I predict that formal mentoring programs will become increasingly specialized, professionalized, and evidence-based in the years ahead. This is a positive development, particularly given that our field’s two most important barometers of success—the number of adults willing to serve as volunteer mentors and the effectiveness of these efforts—have not changed in the past decade. Indeed, despite the appeals of organizations, funding agencies, celebrities, researchers, and others, there appears to be a hard upper limit to the number of adults who are willing to give up their time in the service of a stranger—around 2.5 million or 1% of American adults (Raposa et al., in press). If we assume that some of the adults engage in group mentoring, we can roughly estimate that about 3.5 million (7%) or so of the 45.7 million American youth between the ages of 6 and 17 receive volunteer mentoring each year. Even if this percentage somehow doubled, we’d still be around 2% of adults. In other words, we’ll never span the elusive mentoring gap through recruitment efforts alone. So, in addition to continuing to encourage volunteerism and expanding approaches to natural mentoring, we need to double down on our efforts to get the most possible good out of those generous adults who are willing step forward.

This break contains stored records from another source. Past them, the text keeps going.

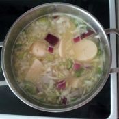 - 3 medium leeks (including 2/3 of green part, well rinsed. Cut each leek into 1/4's and then cut into 1/2-in pieces and well rinsed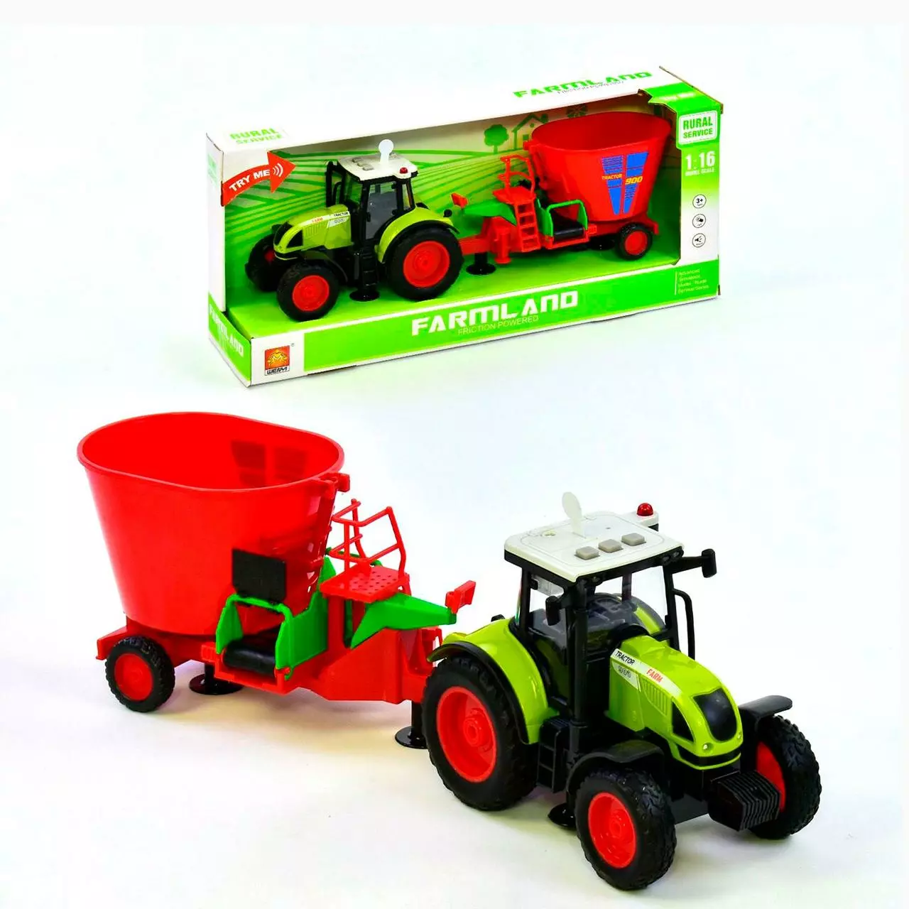 1:16 модель трактора работает от 3-х батареек типа AG13 (входят в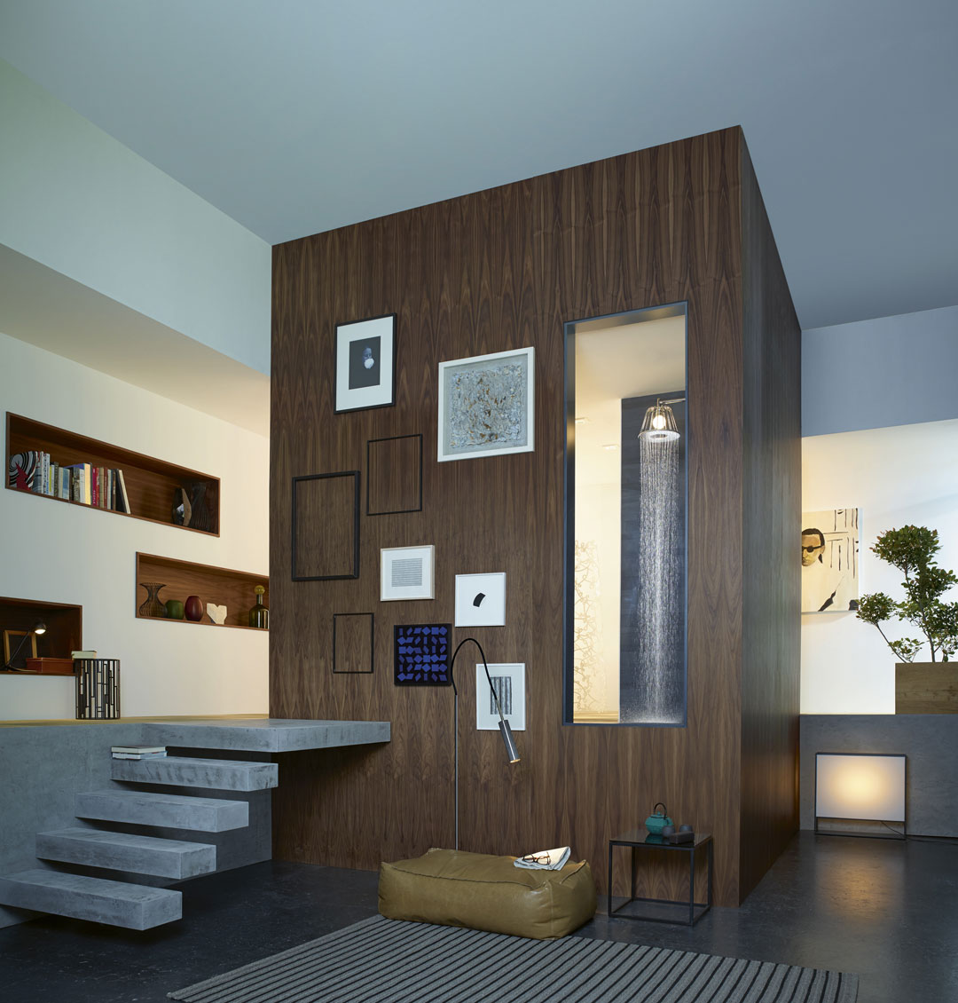 Von Axor gibt es passend zur extravaganten LampShower die elegante Armaturen-Serie Axor Citterio E. Und wenn das Badezimmer schon Blickfang werden darf, dann gerne auch mit Holzboden finden wir, z.B. Bad-Parkett von Haro.
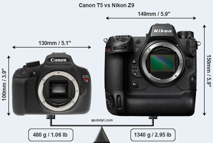 If the front view area (width x height) of the cameras is taken as an aggregate measure of their size, the Nikon Z9 is considerably larger (72 percent) than the Canon T5. Moreover, the Z9 is substantially heavier (179 percent) than the T5. It is noteworthy in this context that the Z9 is splash and dust-proof, while the T5 does not feature any corresponding weather-sealing.

And here’s where we need to take another look at the data. In particular, our recent, comprehensive meta-analysis of youth mentoring programs (Raposa et al., in preparation), like the comprehensive meta-analyses that preceded it (DuBois et al., 2011, DuBois et al., 2002), suggests that the effects of mentoring have hit an upper limit as well. In particular, the overall effect size of mentoring remains at .21, which is indicative of a “small” effect according to common conventions (Cohen, 1988). Put differently, the average youth in a mentoring program scores about nine percentile points higher on indices of improvement than the average youth in the non-mentored control or comparison group (Cooper, 2010; DuBois et al., 2011). That’s not bad and, of course, there remains considerable variation across types of youth, mentors, and programs which helps us target and improve our efforts. But before we go too far into those weeds, we need to internalize the simple fact that the overall effectiveness of youth mentoring is stable despite the rapid growing base of research and evaluation findings in the field (Blakeslee & Keller, 2012). And, when we compare mentoring to other youth interventions, some of which require a relatively lighter investment in human and capital resources, we see that mentoring falls in the low to middle range of effectiveness (Gutman & Schoon, 2015).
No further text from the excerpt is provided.